Just a Couple of Days

Home > Other > Just a Couple of Days > Page 23
Just a Couple of Days Page 23

by Tony Vigorito


  Blip’s voice-mail service answered again, and to my great surprise and relief, the recording had been changed. He now spoke with a great absence of effort, disregarding any impulse to hide his profound amusement, and I could hear Sophia’s hysterical laughter snorting occasionally in the background.

  “Ho there, O wanderer of the wasteland,” Blip spoke loud and brazen, as if he were a medieval wisenheimer guarding the portal to some magical forest. “Do you want your questions answered or your answers questioned? What’s going on is the question. What’s going on is the answer. An answerable question yields a questionable answer. Such is the state of things, good friend. Feel no distress for my condition; forgiveness is as assured as sunrise. Your only penance is this: Write down what has happened. Leave a record of the past. It is no more, and deserves a last hurrah. And don’t break up the festivities, man. History is spent. Peace and absurdity, old friend. If I don’t see you soon, I’ll see you soon after that.”

  Puzzled by his apparent glee, I didn’t leave a message, but instead called back immediately to listen again, this time jotting down what he said on some toilet paper. Just as I finished, a sharp rap came at the door, followed by the sharper voice of General Kiljoy.

  “Hey Fountain! Shit or get off the pot, you know?”

  Startled but not panicked, I coughed loudly, simultaneously disconnecting the phone and shutting off the water in the sink. “Just a minute,” I answered delicately, echoing the standard alibi of toilet tête-à-tête.

  “Did you fall in?” General Kiljoy tossed another bathroom banality at me.

  “No,” I called out needlessly, pocketing the phone, pen, and paper, and scanning around for any other evidence. Satisfied, I boldly opened the door to greet him.

  “False alarm?” he asked, a demented grin on his face.

  “Excuse me?”

  “This bathroom affords little privacy, I’m afraid. The pipes run past the lounge, and they carry sound very well, so we can hear toilet sounds through them. Miss Mary refuses to even use the bathroom, and was going to have the plumbing rerouted next week, but who knows now, right?”

  I nodded noncommittally, and he continued: “You’ve been to the bathroom twice since we got back down here.”

  “Alcohol,” I reminded him, feeling my eyelid twitch in panicky guilt.

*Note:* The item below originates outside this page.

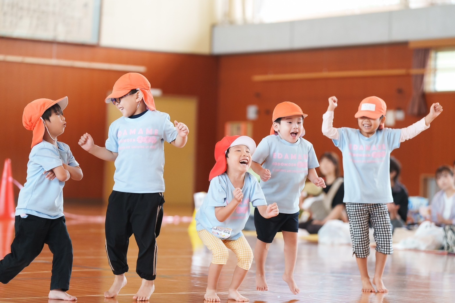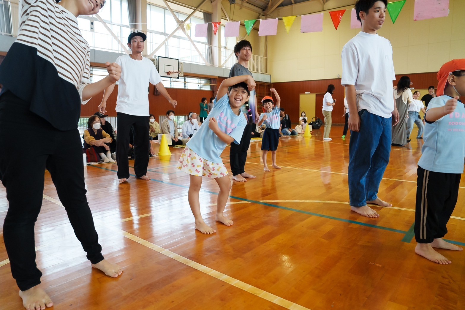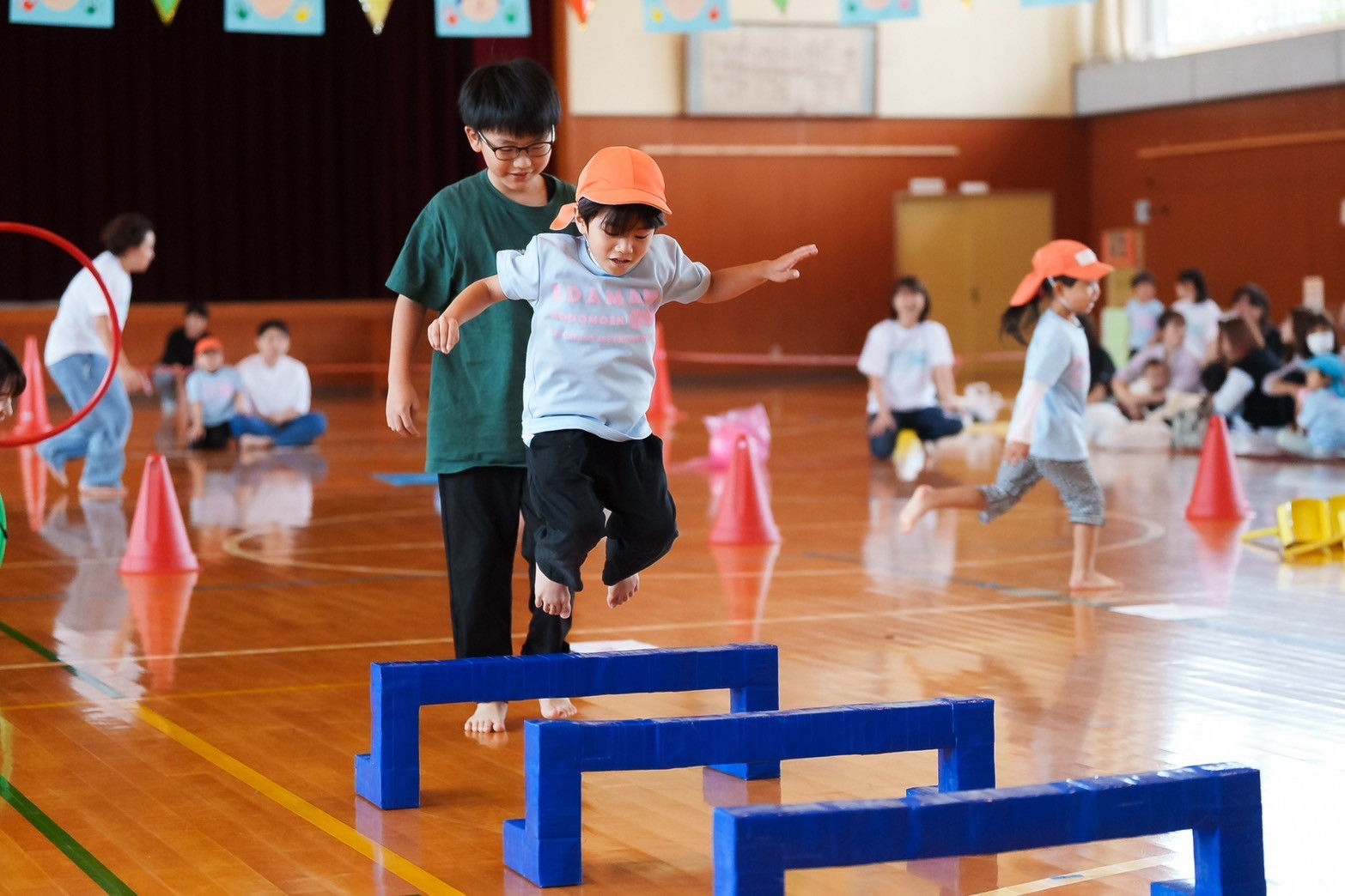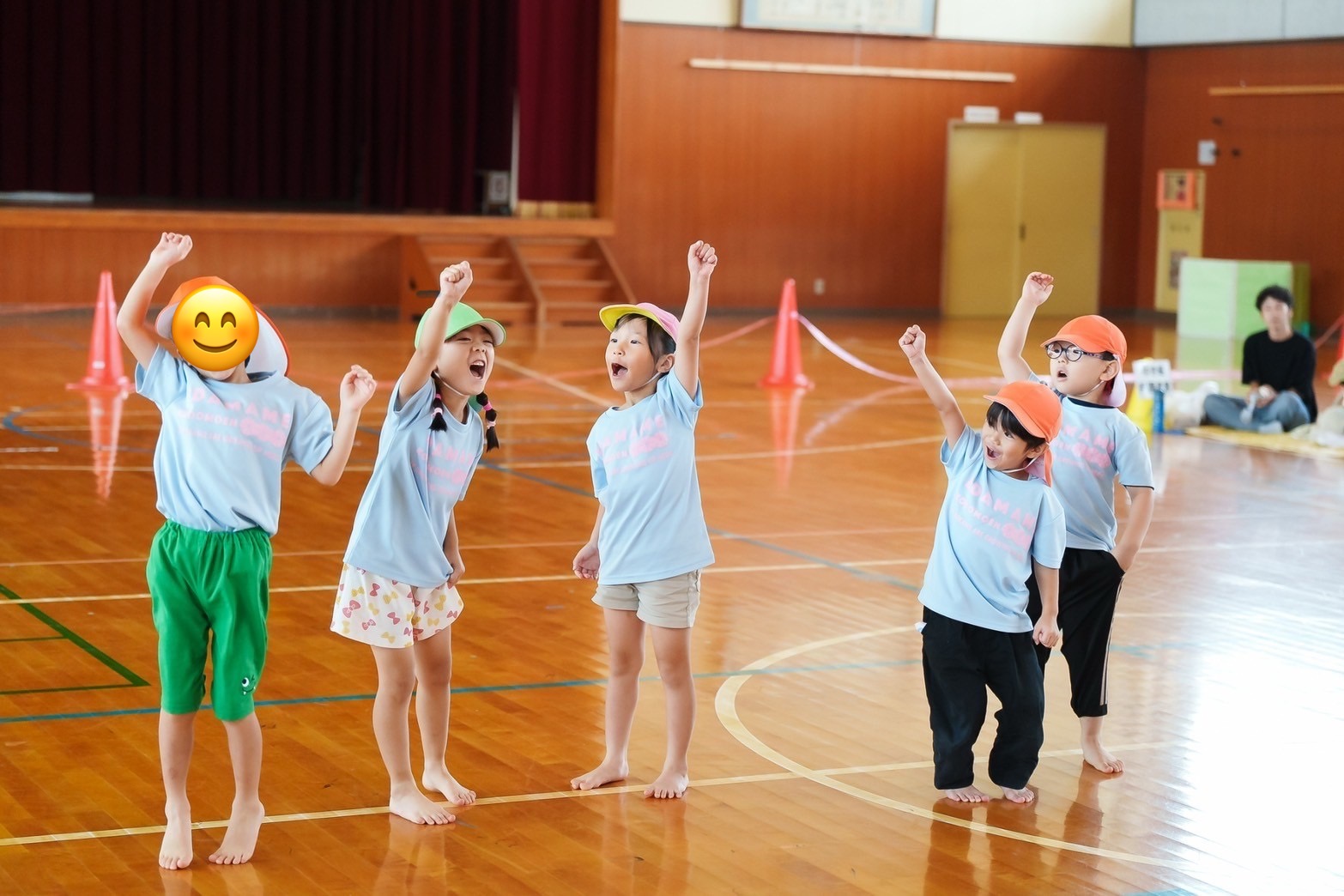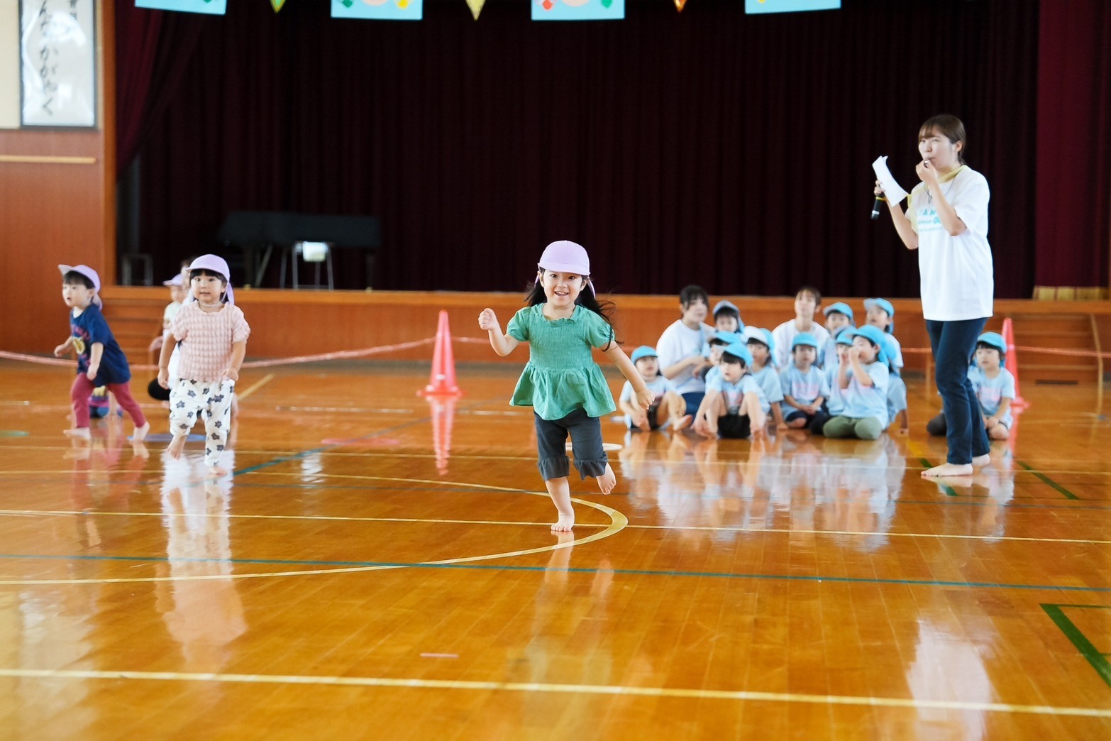 園のホールから飛び出して、小学校の体育館で行いました。
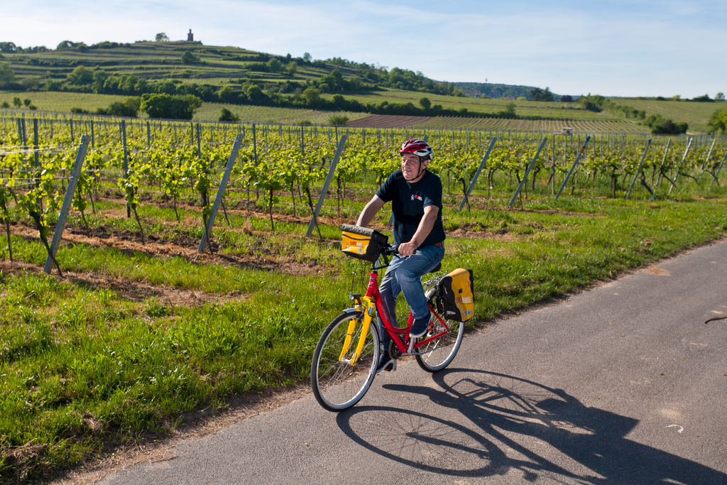 Überwiegend in ebenem Gelände. Lediglich in den Weinbergen zwischen Worms und Bad Dürkheim gibt es kleinere Steigungen.

  “Doubtful.” His hands strayed to his pockets. “And you don’t have any prostrate problems. I’ve read your file.”

  “I don’t understand,” I replied, surprised that one of my glands had turned up in conversation.

  “That was a powerfully pathetic excuse for a piss just now, wasn’t it? We all heard it. Who do you think you’re kidding?”

  “I didn’t realize I had an audience.”

  “The Armed Forces Code of Conduct requires that you begin planning an escape the moment you are captured.” Deranged dimples collapsed into his cheeks like sinkholes over a landfill. “This situation is not interested in the sound of your urination.” He drew close to me, his breath smelling like a recent shot of whiskey. “This situation is only concerned about your safety. This situation can’t take any chances with you.” He paused and leaned in closer. “You’ve got the look, Fountain. I’ve seen it before.”

  “You think I’m trying to escape in the bathroom?”

  “Suicide.” He stood upright and cracked his knuckles. “I told you I read faces. If you try it, I guarantee I’ll save your life, just so I can cut off every one of your fingers and toes.”

  “I’m not suicidal,” I assured him and my digits.

  “Maybe not, but something’s suspicious.” He eyed me and winked, then slapped me on the shoulder. “You jackin’ off in there?”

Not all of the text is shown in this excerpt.